诱导幽门螺杆菌进入VBNC状态的因素较多，包括环境、抗生素及其他抑制剂等。温度、氧气浓度、pH值、金属离子、光照等环境因素的改变可促进幽门螺杆菌进入VBNC状态，寡营养常作为协同因素^[18]。Adams等^[19]发现幽门螺杆菌可在自然淡水中培养，在短时间内即进入VBNC状态。抗生素也可用于VBNC状态幽门螺杆菌的诱导，可用的抗生素包括阿莫西林、红霉素、克拉霉素、庆大霉素和甲硝唑等^[18,20]。Faghri等^[20]进一步比较了阿莫西林、甲硝唑和克拉霉素的诱导效果，结果发现3种抗生素在50%最低抑菌浓度(50% minimum inhibitory concentration，MIC₅₀)下均可以使螺旋形幽门螺杆菌转变为球形，其中阿莫西林的诱导比例最高。同时，一些具有抑制作用的物质也有利于幽门螺杆菌的转变。
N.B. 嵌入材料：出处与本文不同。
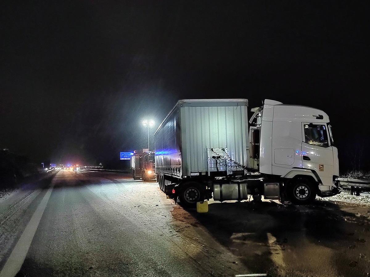 Der verunfallte LKW kam quer auf dem rechten und mittleren Fahrstreifen zum Stehen.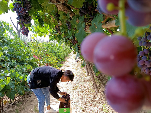 采摘園內(nèi),萬紫千紅的葡萄映入眼簾,陽光的照耀下,顆顆顯得搖搖欲墜。到達目的地后,“工作組”成員頂著大太陽便開始在葡萄架中穿梭,剪下的每一串葡萄都是用心挑選。隨著汗珠的滴落,一串串的葡萄也被裝入了箱內(nèi)??粗鴫酒饋淼臐M滿數(shù)十箱葡萄,再想到員工們也很快就能嘗到這么甜美的果實,工作組人員的心里便樂開了花,一切的疲憊也隨之煙消云散。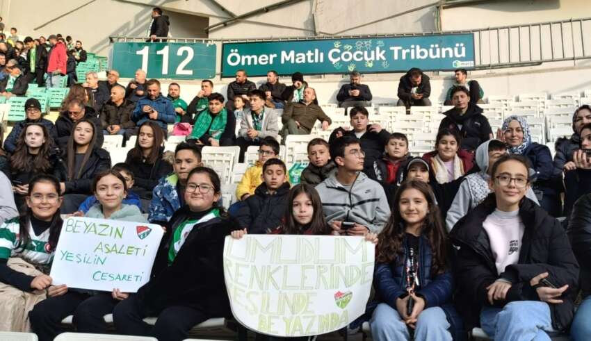 Maç saatinin yaklaşmasıyla birlikte Atatürk Spor Kompleksi Matlı Stadyumu’na getirilen çocuklar, Ömer Matlı Çocuk Tribünü’nde Bursaspor coşkusuna ortak oldu. Yeşil beyazlı ekibin, sahasında Aliağa Futbol A.Ş. ile karşılaştığı ve sahadan golsüz eşitlikle ayrıldığı mücadelede 90 dakika boyunca Bursaspor’a destek veren çocuklar, heyecan dolu anlar yaşadı.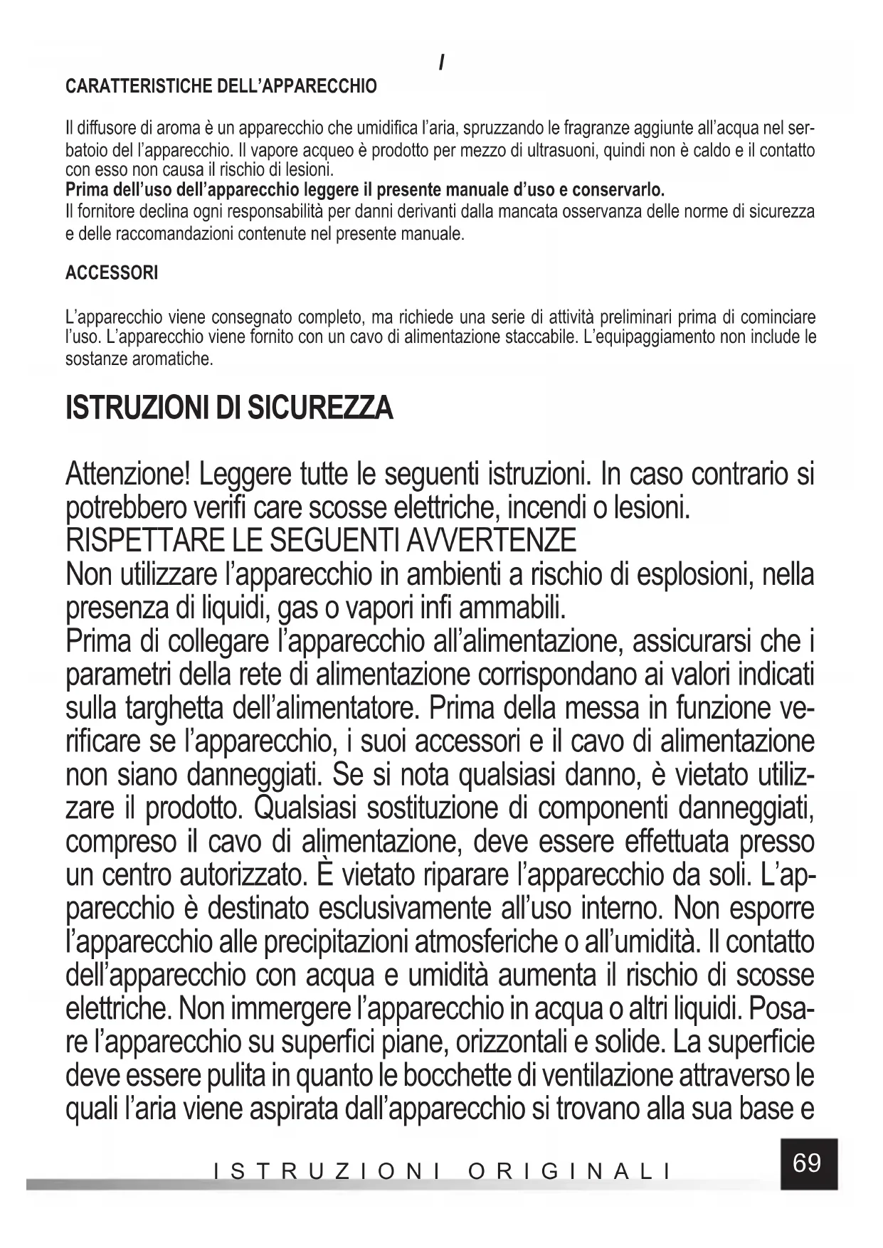 Il diff usore di aroma è un apparecchio che umidifi ca l’aria, spruzzando le fragranze aggiunte all’acqua nel ser- batoio del l’apparecchio. Il vapore acqueo è prodotto per mezzo di ultrasuoni, quindi non è caldo e il contatto con esso non causa il rischio di lesioni. Prima dell’uso dell’apparecchio leggere il presente manuale d’uso e conservarlo. Il fornitore declina ogni responsabilità per danni derivanti dalla mancata osservanza delle norme di sicurezza e delle raccomandazioni contenute nel presente manuale. ACCESSORI L’apparecchio viene consegnato completo, ma richiede una serie di attività preliminari prima di cominciare l’uso. L’apparecchio viene fornito con un cavo di alimentazione staccabile. L’equipaggiamento non include le sostanze aromatiche.

Narikawa等^[12]在幽门螺杆菌的培养过程中加入甘氨酸脱氧胆酸和柠檬酸铋，培养3 d后得到了较高比例的球形体，并检测到其mRNA。Correia等^[21]研究了多不饱和脂肪酸二十二碳六烯酸(docosahexaenoic acid，DHA)对幽门螺杆菌生长的影响，发现幽门螺杆菌暴露在 100 µmol/L DHA的环境中会从螺旋形转变为球形，但并未判断其活力。

2.2. VBNC状态幽门螺杆菌的复苏方法

VBNC状态细菌能否恢复到原始状态，关系到环境卫生及公众健康等多个方面。目前已报道的VBNC状态细菌复苏方法包括逐步升温法、添加有机物法、富营养法、生物法等几大类^[22]。生物法为常用方法，其他几种方法鲜有应用。Cellini等^[6]将幽门螺杆菌培养20 d后发现其转为球形，进一步将其接种到BALB/c小鼠体内，1个月后小鼠胃黏膜组织出现组织病理学改变。该研究表明幽门螺杆菌在VBNC状态下能在小鼠体内复苏，并导致小鼠感染。但在Boehnke等^[23]的实验中并未出现相似结果，小鼠在被饲喂含有VBNC状态幽门螺杆菌的水后未发生感染。Eaton等^[24]在微需氧条件下将幽门螺杆菌诱导为球形体后，不能使其在无菌仔猪的胃中定植，但研究者并未判断该球形幽门螺杆菌是否存活。因此，关于VBNC状态幽门螺杆菌能否复苏及其复苏条件还需进一步探索，该状态下幽门螺杆菌的致病潜力也有待研究。目前尚未明确是否存在使VBNC状态幽门螺杆菌复苏的因子，但值得关注的是，Mukamolv等^[25]发现了具有促进VBNC状态细菌复苏和生长功能的复苏促进因子(resuscitation-promoting factor，Rpf)。Rpf不仅具有促进VBNC状态革兰氏阳性菌生长的作用，而且有促进变形菌(Proteobacteria)等部分革兰氏阴性菌复苏的作用，其促进复苏机制主要包括3种假说：1)Rpf作为细胞因子，可能与VBNC状态细菌表面的特定受体结合并引发复苏；2)Rpf可能作用于VBNC状态细菌的细胞壁并诱导其重塑，从而使之复苏；3)Rpf可能作用于细菌的细胞壁，使其部分裂解后释放肽聚糖碎片，进而与其他信号因子结合促进菌体复苏^[26]。虽然Rpf复苏机制尚未明确，但这些研究为今后探索VBNC状态幽门螺杆菌复苏机制提供了新的思路。

3. VBNC状态幽门螺杆菌的检测方法

VBNC状态幽门螺杆菌在培养基上无生长能力，不能通过传统培养方法将之分离并检出，但可通过检测细菌代谢活力、细菌抗原性、细胞膜完整性等来判断其状态。早期的研究大多使用呼吸检测法^[27]、活菌直接镜检法^[28]等经典方法检测VBNC状态细菌。呼吸检测法的主要原理为在待测物中加入电子受体，存活的细菌在新陈代谢过程中进行电子转移，使氧化态电子受体被还原并改变颜色^[27]；活菌直接镜检法是在细菌培养过程中加入DNA合成抑制剂，VBNC状态细菌DNA合成受到抑制而不分裂，但能继续生长，将细菌染色后可观察其形态并对活菌进行计数^[28]。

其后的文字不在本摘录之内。